As a final task, we wanted to carry out a qualitative investigation on why the search peak rose in the summer of 2017 to see if it could be related to previously peaks or empirical information extracted throughout the work on Wikipedia or Scopus. This was done by the simple use of google searches (term: war on drugs 2017), which then provided us with the most relevant results. 2017 saw the release of both a new album from the band War on drugs, during the summer and a movie named War on drugs. We assume that the peak in 2017 was due to the new album and movie, as both show up when doing the search on Google.



Data Harvest

We also ran a python script, that retrieves data from the talk history of an article, however the time period we were interested in yielded 0 results. We used another script to provide an overview on how many revisions are being made by different unique users, via calling the Wikipedia API. This also made it possible for us to identify the 50 most active users within the page.


Initially, the impression we got was the same as the two earlier bump graphs; the article is created, heavy revision is being done until it stabilizes, and today, in 2019, barely any revisions are being made. However, during December 2015, a heavy set of revisions was made, prompting further investigation. In the .csv file showing revisions, with months in column A, revisions count in column B and unique users in column C, we see the spike:

Using the python script described in the Harvest section, we were unable to get any results. We then manually went to the history part of the Talk page for the article, confirming that there were no talks made about revision during the time period.

The answer presented itself when inspecting the revision history of the article:

The 41 revisions made during December was not a result of a sudden change in the debate, but one user, The Anome, making many small changes, most only 4 bytes in size, showing an example of the media, and the way this specific user does their revisions, affecting the data we have gathered. Following this information, we decided to map the top 50 users of the Wikipedia article, as shown in the circle graph using below.

For this graph, the size of the circles is determined by the amount of revisions made by the individual user in the specific Wikipedia article, and their color indicates the total amount of revisions made on Wikipedia by the user. This color starts at a light blue for the smallest grouping, and becomes gradually darker, the more total revisions are done by the user (also displayed in the table below). The different group sizes were determined by the group, based on the different ranges we saw would make sense.

The choice to color code the graph was made as an indicator to the validity of the users; implying that total revision count will heighten the validity of the user and their revision. This approach can be flawed though, as Wikipedia themselves acknowledge in their page on Edit Count: “Edit counts do not necessarily reflect the value of a user’s contributions to the Wikipedia project.”. On this page, they list 7 reasons to why quantity does not always equal quality. This is something we ourself experienced with the user The Anome, as his 41 very small revisions made a spike on the revision timeline, without any significant change in the article or the debate surrounding it. We do however choose to still display the colors, and they help show the full story and allows the reader to judge for themselves, with the knowledge presented here, that quantity does not always equal quality.

4 Hyphe

Data source

Data Harvest

Using Hyphe, we sat the source to be the Wikipedia article and did web crawl at depth 1. For War on drugs this resulted in 107 new pages discovered, and the same for the Arguments article; 107 pages discovered.

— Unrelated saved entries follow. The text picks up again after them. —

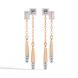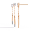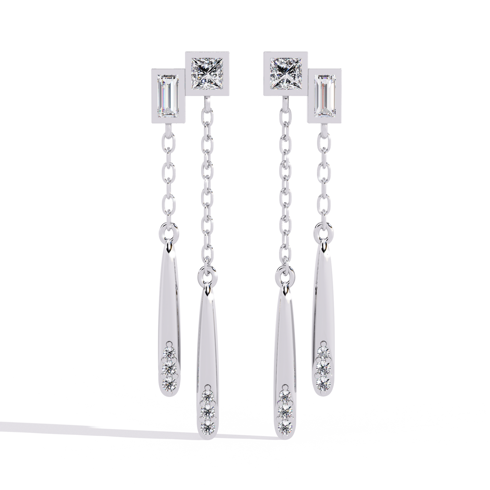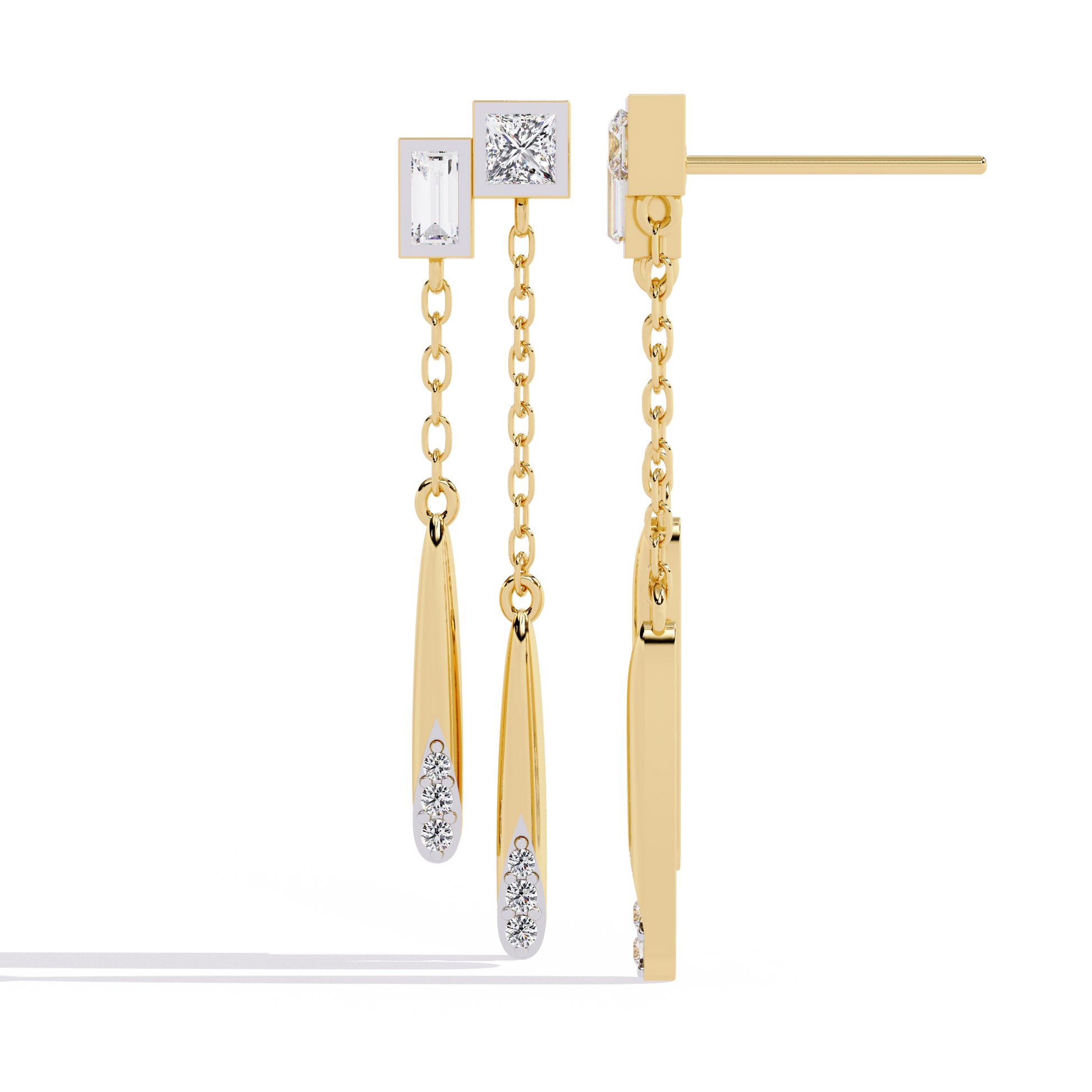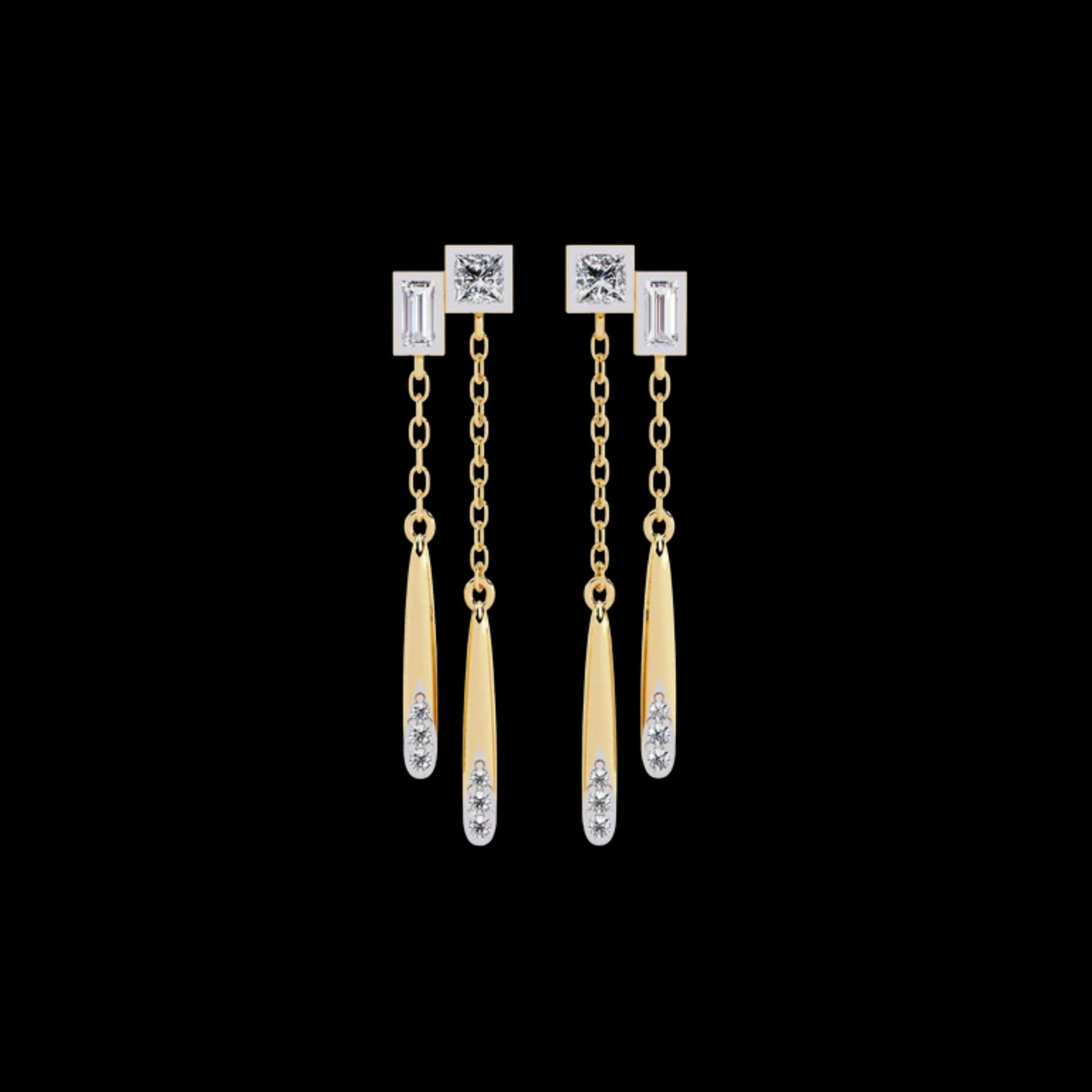 These Princess & Baguette Diamond Drop Chain Earrings by Ivevar Luxury Jewels capture modern sophistication with a touch of artistic movement. Crafted in solid gold, each earring features a striking combination of princess-cut ,baguette-cut and round-cut diamonds, connected by delicate chains that end in sleek tapered gold drops accented with round brilliant diamonds. The mix of geometric cuts and fluid design creates a statement piece that is both bold and elegant. Perfect for evening glamour or modern-day luxury, these earrings redefine refined artistry with an innovative silhouette.
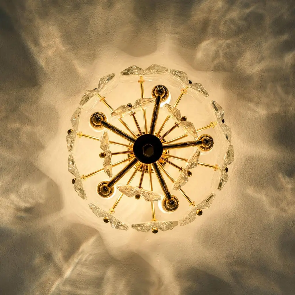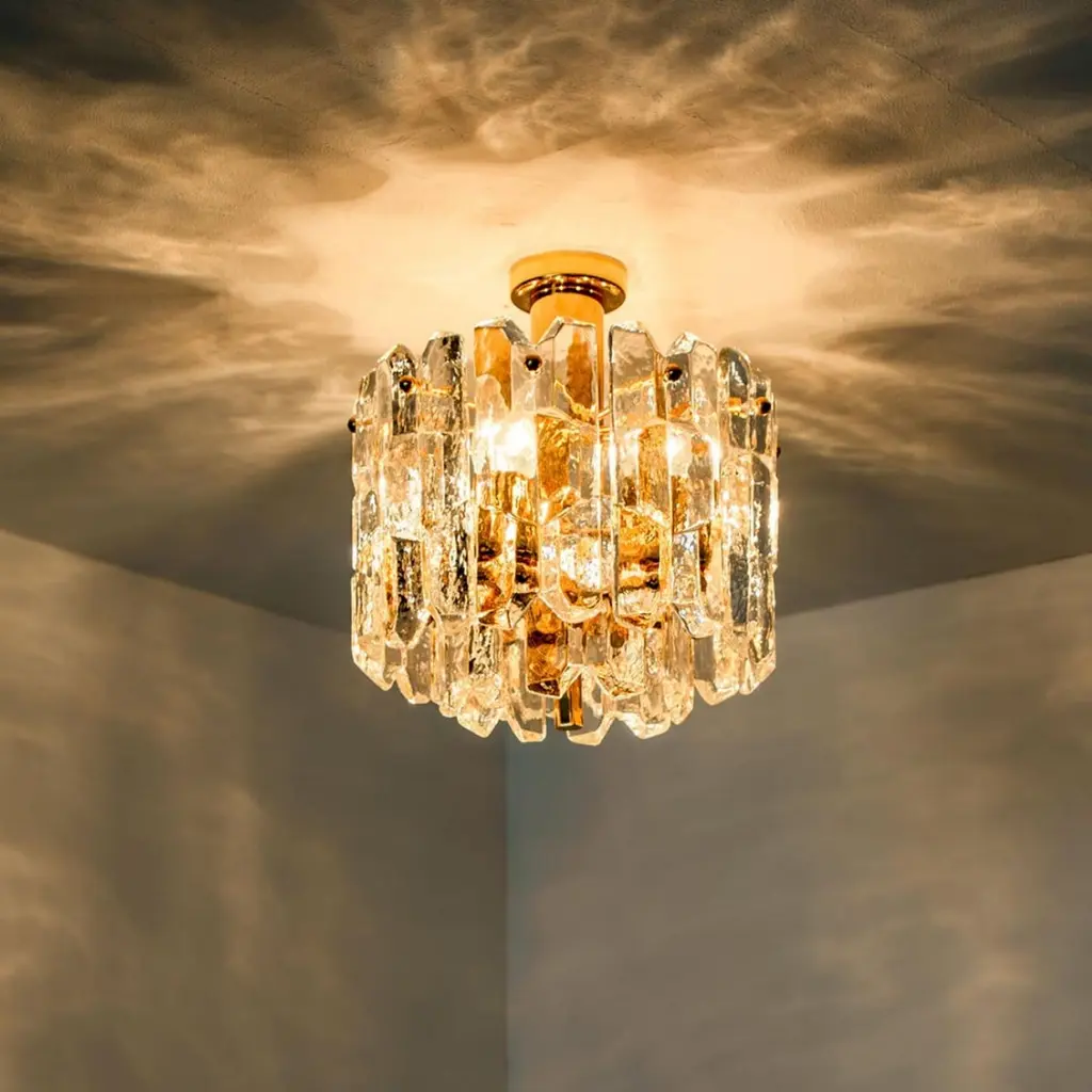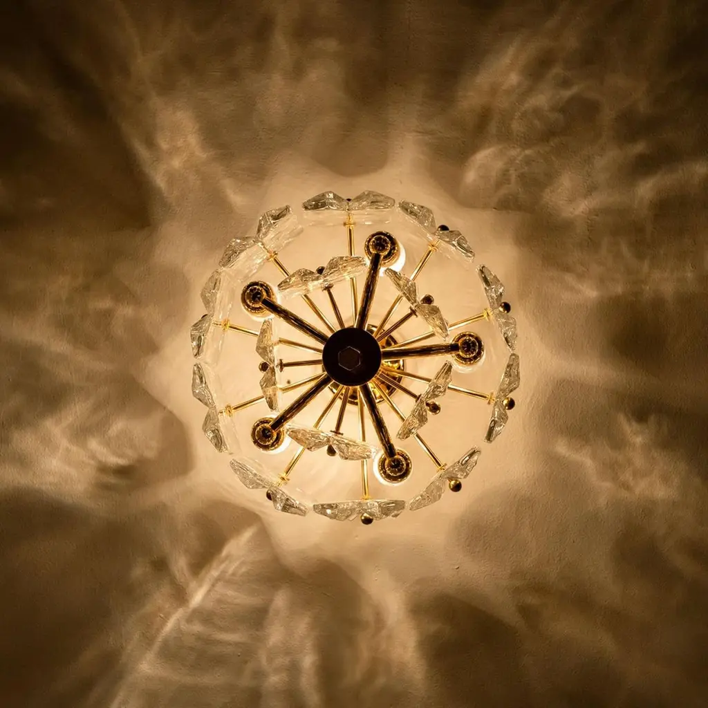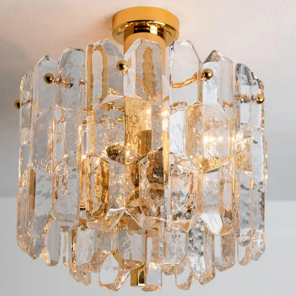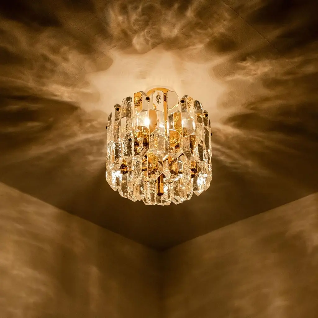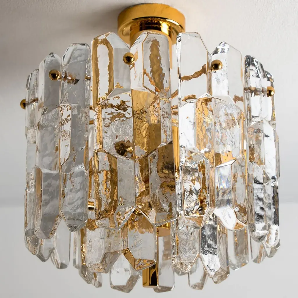 Stunning high quality and handmade gilt brass light fixture / flush mount made by Kalmar in Austria. This model "Palazzo" was manufactured, circa 1970-1979. Polished brilliant crystal glasses are mounted on a gilded brass frame.Cleaned and well-wired, in full working order and ready to use. The brass frame is in very good vintage condition. The crystal glasses, all original and in excellent condition, screwed securely to the frame. This light can be disassembled and the crystals individually wrapped for easy transport.PLease notice the price is fore 1 piece, two pieces available.
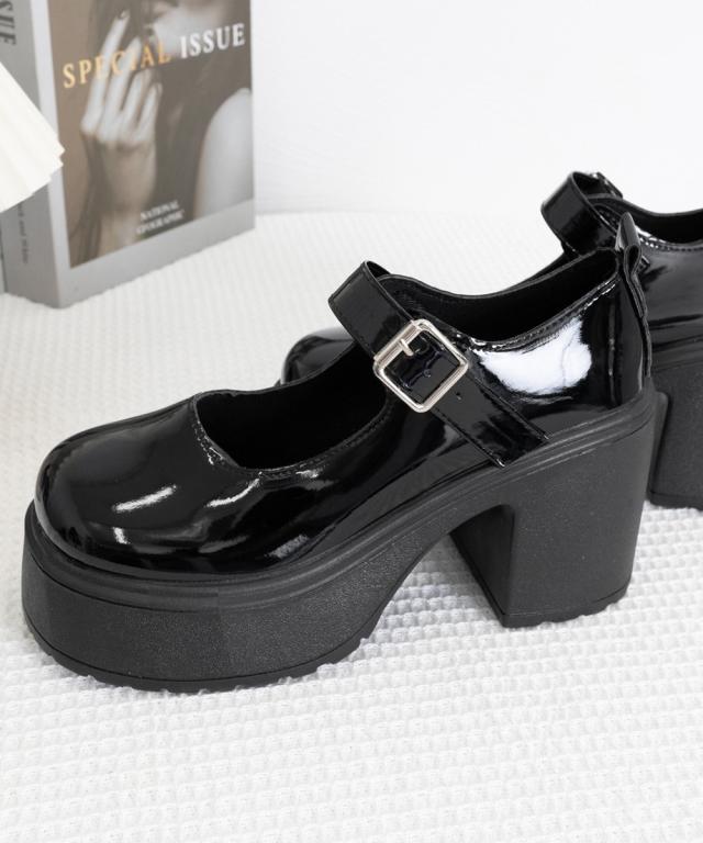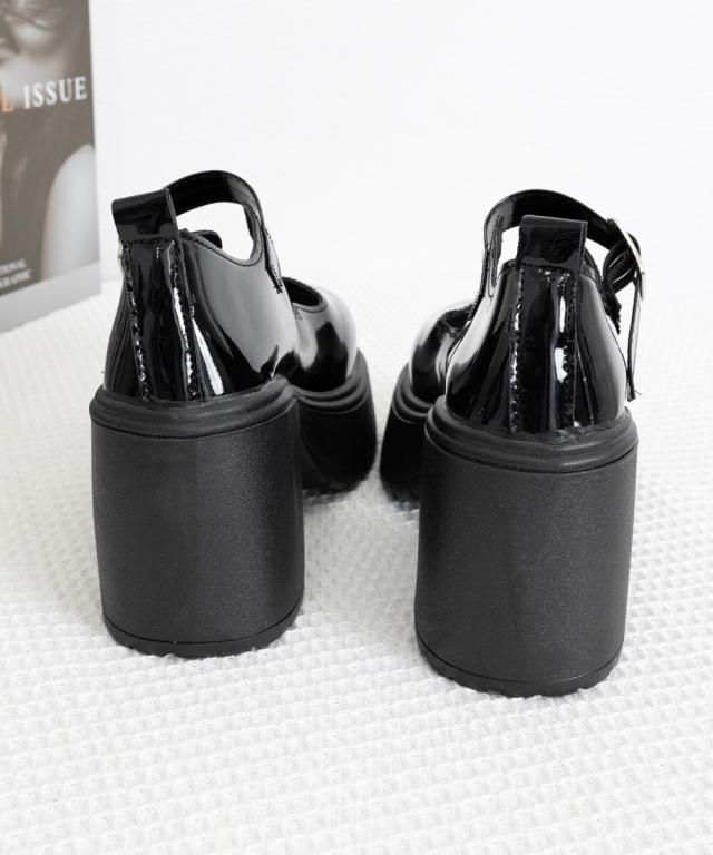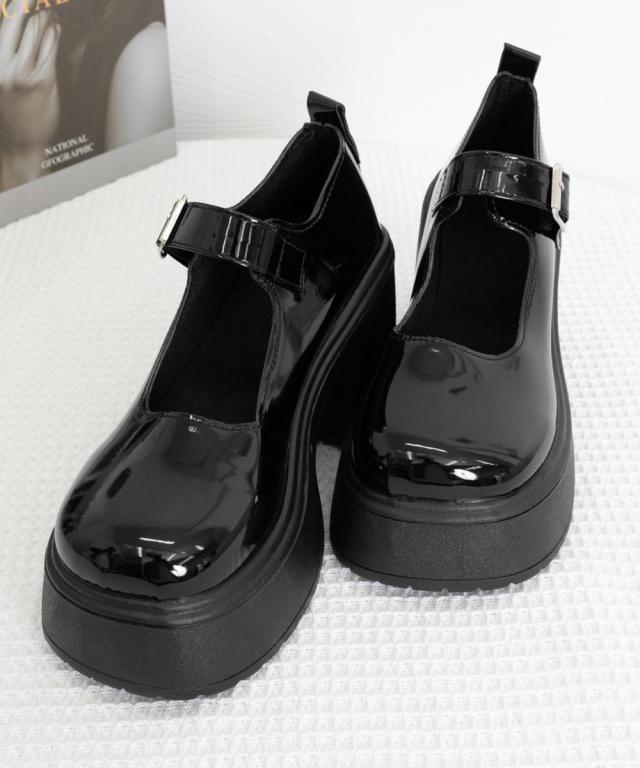 厚底ローファー 韓国風ストラップパンプス

Using the prospecting tool in Hyphe, we manually removed some web entities before doing a second crawl a depth deeper. Reasons for removing web entities were:

  • Dead links
  • Too generic
  • Blocked access in the EU, often due to GDPR

After this process, 67 pages remained for War on drugs, 55 for Arguments.

Before next crawl each web entity was revisited in the crawl menu, making sure only to crawl the direct links and not the generic websites, as shown in the picture below.

In this example, we only wanted to further crawl the specific BBC article, and not the site itself as this would yield a far too generic result not related to our scope. Therefore we removed the top two links shown in the picture.

After this qualitative edit of our corpus, we made a new crawl to depth 1, including the original Wikipedia article, making the entire process as a modified depth 2 crawl. This resulted in 2832 new pages discovered for War on drugs and 2227 for the Argument article.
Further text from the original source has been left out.